**Information provided:**
###

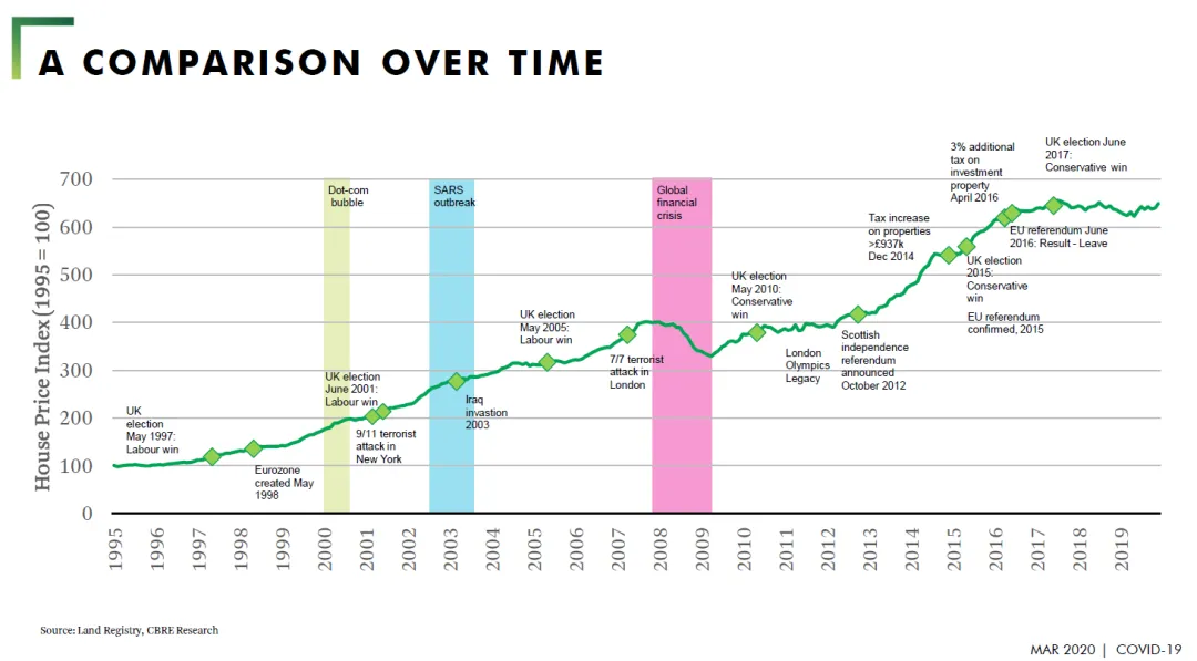 从1995年到2019年,伦敦房价一直在稳步上涨,经历英国大选、911事件、英国脱欧公投等重大事件时都没有明显波动,只在08年的金融危机才出现了大幅度的震荡。
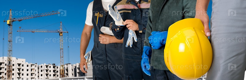 Рабочие на фоне стройки
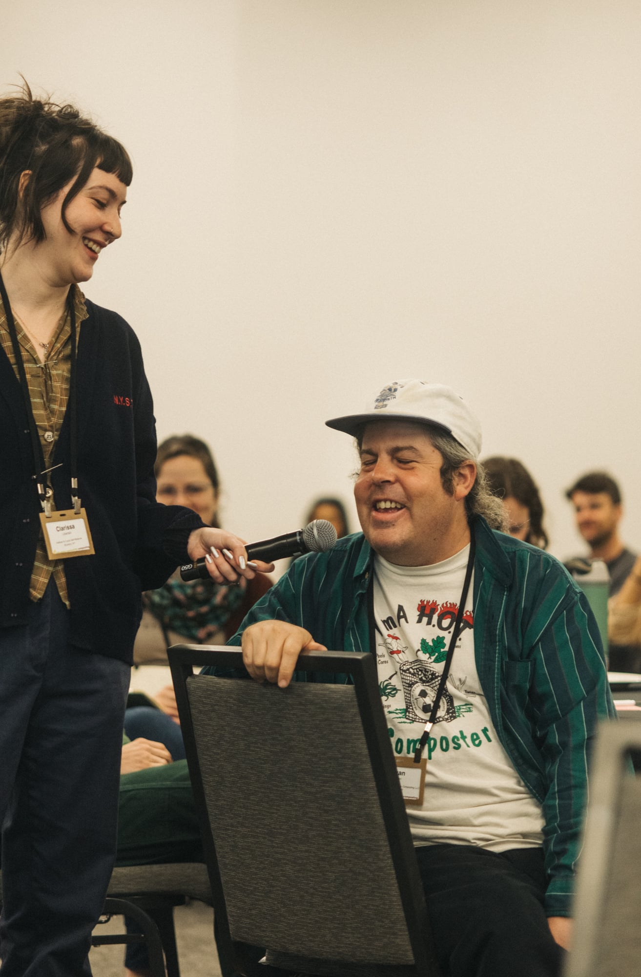 Los compostadores comunitarios saben que, a menudo, no hay mejor nexo entre corazones, personas e ideas que el arte. Organizada en colaboración con la Alianza de California para el Compostaje Comunitario, la galería Compost Art incluyó más de 75 obras de arte relacionadas con el compost, desde pinturas hasta esculturas interactivas y cartas Uno personalizadas. En la recepción de la CCC26, un micrófono abierto acogió una serie de actuaciones, entre las que se incluyeron canciones relacionadas con el compost, poesía e incluso malabarismos. Para un entretenimiento nocturno más humorístico, Alex Tatarsky's Dirt Trip: Un espectáculo de payasos sobre el compostaje Desafió la incomodidad de los espectadores ante el ’desperdicio“ e invitó a reírse de los estratos más bajos de la sociedad.
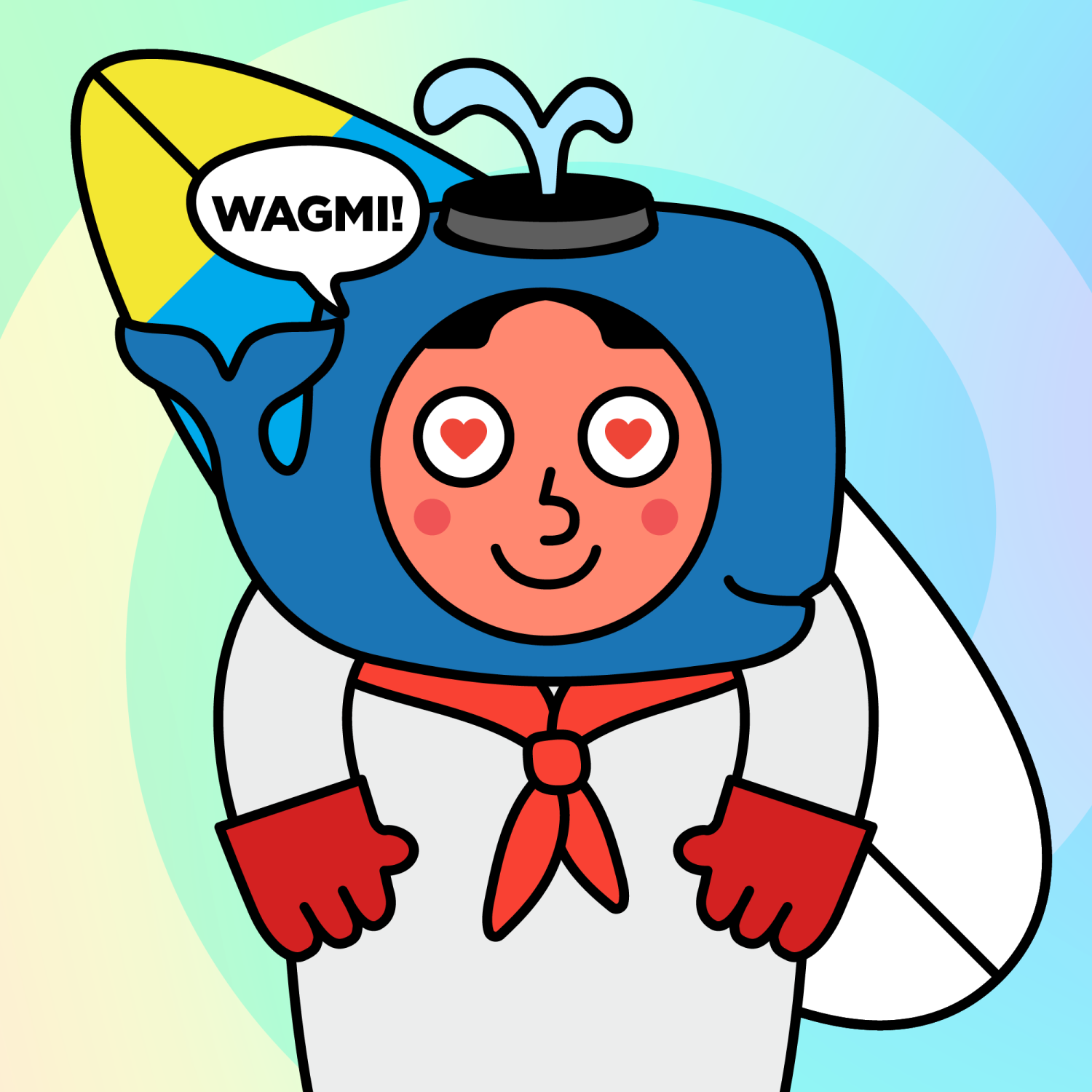 ArmsWhite33.38%BackgroundOcean3.29%CheekRosy23.73%DialogueWAGMI!3.23%EyesHeart1.65%Face ColourOrange22.69%HairCentre Parting10.07%Head MiddleBlue Sperm Whale0.34%Head TopLight Splash2.26%Left HandRed32.25%MouthBig Smile19.64%NoseRound21.67%Right HandRed32.25%ShirtRed Bandana1.31%Special ToolBlue Board0.34%TribeNeo-Capitalist20.02%

###

**What is required:** Transcribe the listing in full and omit the pictures.

**Result of this task:**
 从1995年到2019年,伦敦房价一直在稳步上涨,经历英国大选、911事件、英国脱欧公投等重大事件时都没有明显波动,只在08年的金融危机才出现了大幅度的震荡。
 Рабочие на фоне стройки
 Los compostadores comunitarios saben que, a menudo, no hay mejor nexo entre corazones, personas e ideas que el arte. Organizada en colaboración con la Alianza de California para el Compostaje Comunitario, la galería Compost Art incluyó más de 75 obras de arte relacionadas con el compost, desde pinturas hasta esculturas interactivas y cartas Uno personalizadas. En la recepción de la CCC26, un micrófono abierto acogió una serie de actuaciones, entre las que se incluyeron canciones relacionadas con el compost, poesía e incluso malabarismos. Para un entretenimiento nocturno más humorístico, Alex Tatarsky's Dirt Trip: Un espectáculo de payasos sobre el compostaje Desafió la incomodidad de los espectadores ante el ’desperdicio“ e invitó a reírse de los estratos más bajos de la sociedad.
 ArmsWhite33.38%BackgroundOcean3.29%CheekRosy23.73%DialogueWAGMI!3.23%EyesHeart1.65%Face ColourOrange22.69%HairCentre Parting10.07%Head MiddleBlue Sperm Whale0.34%Head TopLight Splash2.26%Left HandRed32.25%MouthBig Smile19.64%NoseRound21.67%Right HandRed32.25%ShirtRed Bandana1.31%Special ToolBlue Board0.34%TribeNeo-Capitalist20.02%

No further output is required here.